### Action item
Return the following data exactly, with all pictures left out.

### Source data
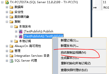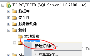 订阅数据库>>复制>>本地订阅>>右键>>新建订阅
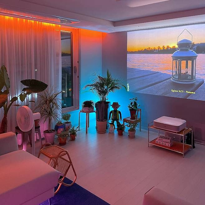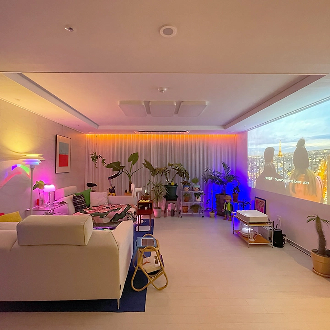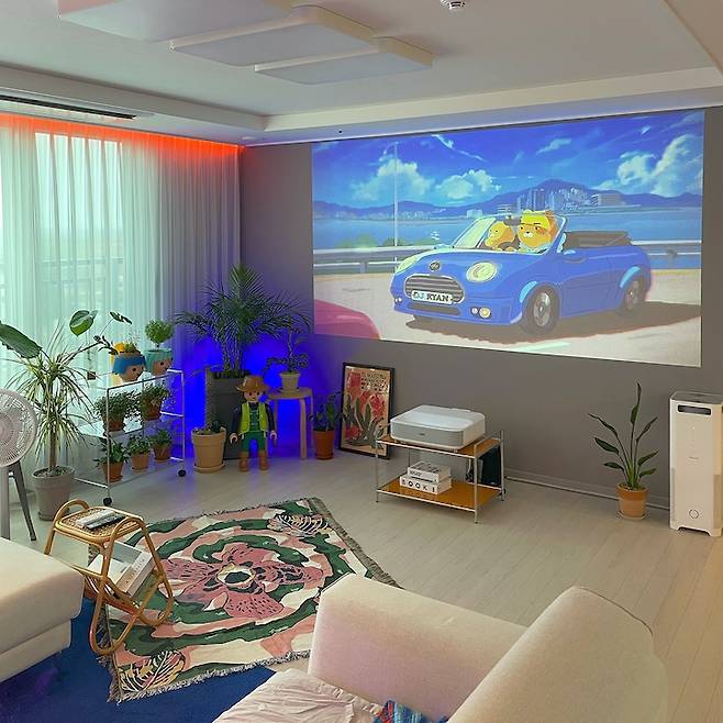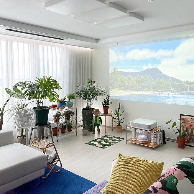 저희 집 거실에는... TV가 없어요. TV냐, 빔프로젝터냐... 아내와 많은 고민을 하다가 결국 빔 프로젝터를 쓰게 됐습니다. 낮에도 볼 수 있는 밝고, 선명한 화질의 단초점 빔 프로젝터를 사용하고 있어요. 영화를 좋아하는 아내의 최애템입니다.
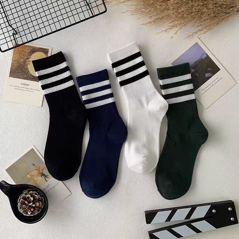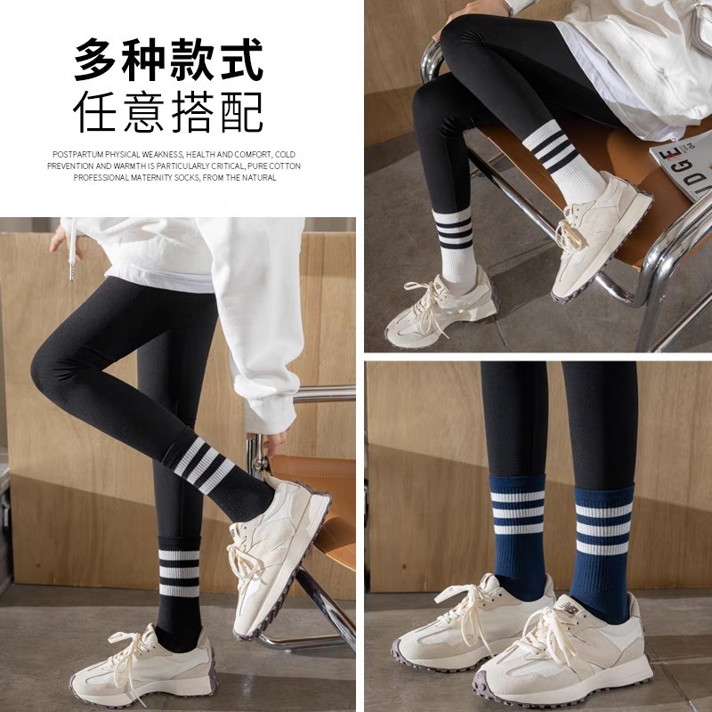 상어 바지 매칭 양말 여성용 가을 중간 길이 양말 순면 흰색 유행 인터넷 인기 스포츠 스트라이프 스타킹 가을과 겨울

### Result below
 订阅数据库>>复制>>本地订阅>>右键>>新建订阅
 저희 집 거실에는... TV가 없어요. TV냐, 빔프로젝터냐... 아내와 많은 고민을 하다가 결국 빔 프로젝터를 쓰게 됐습니다. 낮에도 볼 수 있는 밝고, 선명한 화질의 단초점 빔 프로젝터를 사용하고 있어요. 영화를 좋아하는 아내의 최애템입니다.
 상어 바지 매칭 양말 여성용 가을 중간 길이 양말 순면 흰색 유행 인터넷 인기 스포츠 스트라이프 스타킹 가을과 겨울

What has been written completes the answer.